If you are into Sai Baba and you watch this documentary, and you have enough intelligence to see that the film poses serious questions, then this encounter must create cognitive dissonance, shock. So at some point I entered into a serious conversation with my yoga teacher. I told her that I had watched the documentary, and that as a result I felt very uneasy about the inclusion of the secret swami in the guru gallery of the school. To my surprise she had watched the film, too. “And what did you experience?” “First it shocked me, but then I took counsel with my spiritual master, and he told me that I could let it go. So I did.”

At that point it became clear that I could not stay at the yoga school. There were other things, too. A suggestion of my yoga teacher, earlier, that physical attraction to women, which she sensed in me, distracts from divine love. This sounded much like the priests that I remember from my boarding school years. They tried to practice divine love and charity, but struggled in secret with their own suppressed sexuality. So I had been there before, with no wish to visit this painful territory again.

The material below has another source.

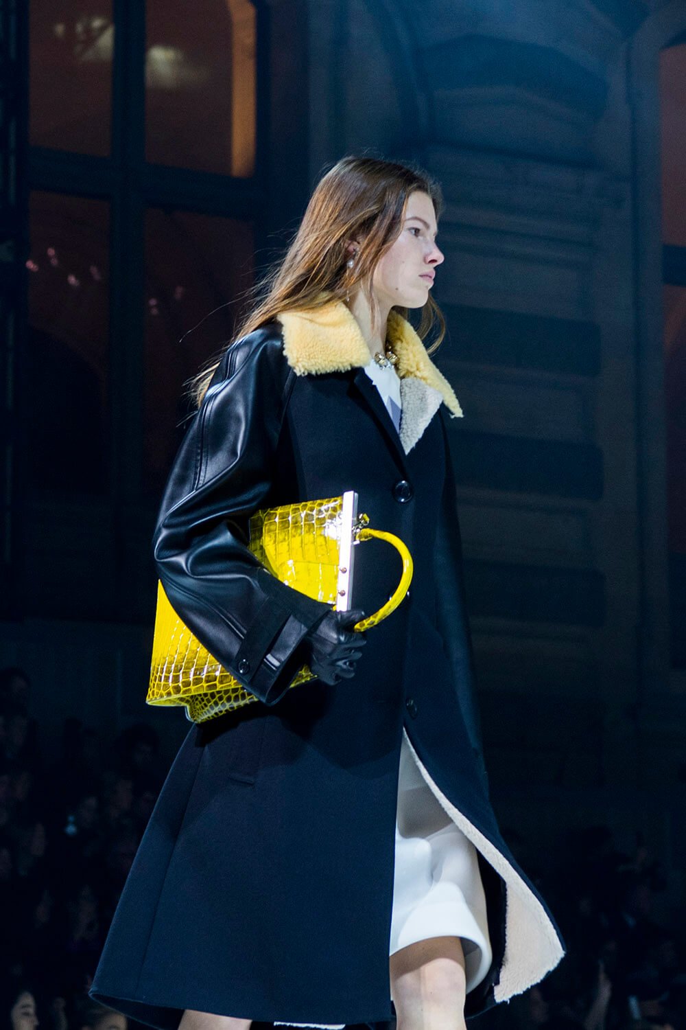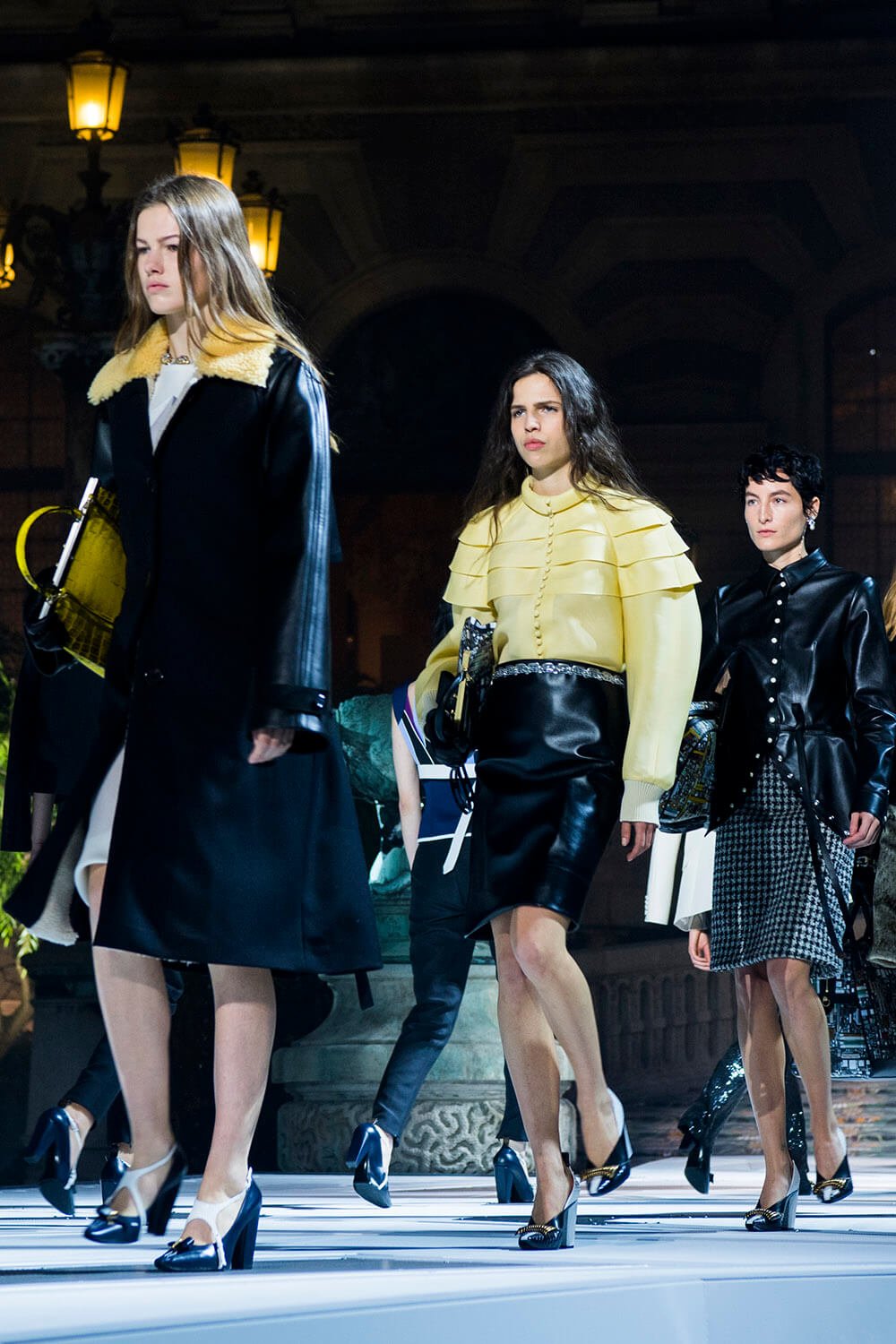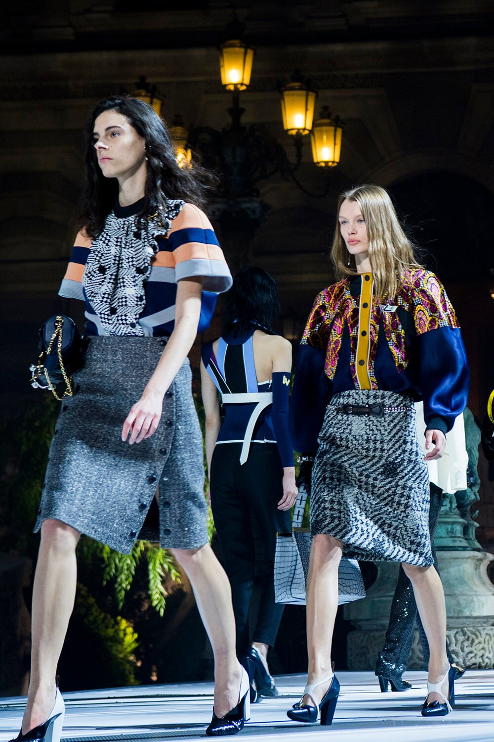 In the dead of the night (well, 6.30pm in Paris) the ladies of Louis Vuitton came out from their lair into the Musee Du Louvre’s courtyard, spotlit. The past was meeting the future, quite literally, as the runway ramp turned from the original Louvre paving into a white and grey landing pad. Star Wars style. Water spurted from the statues and Grace Jones’ eerie, theatrical ‘I’ve Seen That Face Before’ filled the night, “Strange, he shadows me back home, footsteps echo on the stones, rainy nights on Hausmann Boulevard, Parisian music drifting from the bars,” setting the scene. These women were up to something. Skirts fell to the knee, woollen checkered and pleated, straight down and straight to business. Embellished fringing fell off the shoulders and skirts and jumpers were lined with crystals on collars and waists.

Yoga, if it is practiced seriously, offers a way of self-liberation, it suggests a path. We can decide that this is the right track for us, but we need to keep our own wits. For we are, and always will be, responsible ourselves for finding the path that is right for us. That responsibility can never by handed over to someone else.

We are all our own masters, for life takes us to task for the decisions that we make and that are not right for us. Evading an issue by saying that a spiritual master has given us absolution, that strikes me as, well, childish. We need to grow up and behave as adults.

We define ourselves by our actions. What should I do? What would the man do that I wish to be? If I do not quite know how I wish to be, maybe I can find out by taking counsel with people I trust and admire. Would the ones I admire do the thing I am contemplating? If the answer is no then I should maybe reconsider. Next, I take my own counsel. And then I act. And then the mysterious being that I am defines and unfolds and recreates and transforms itself by its own doing. And that is another genuine miracle.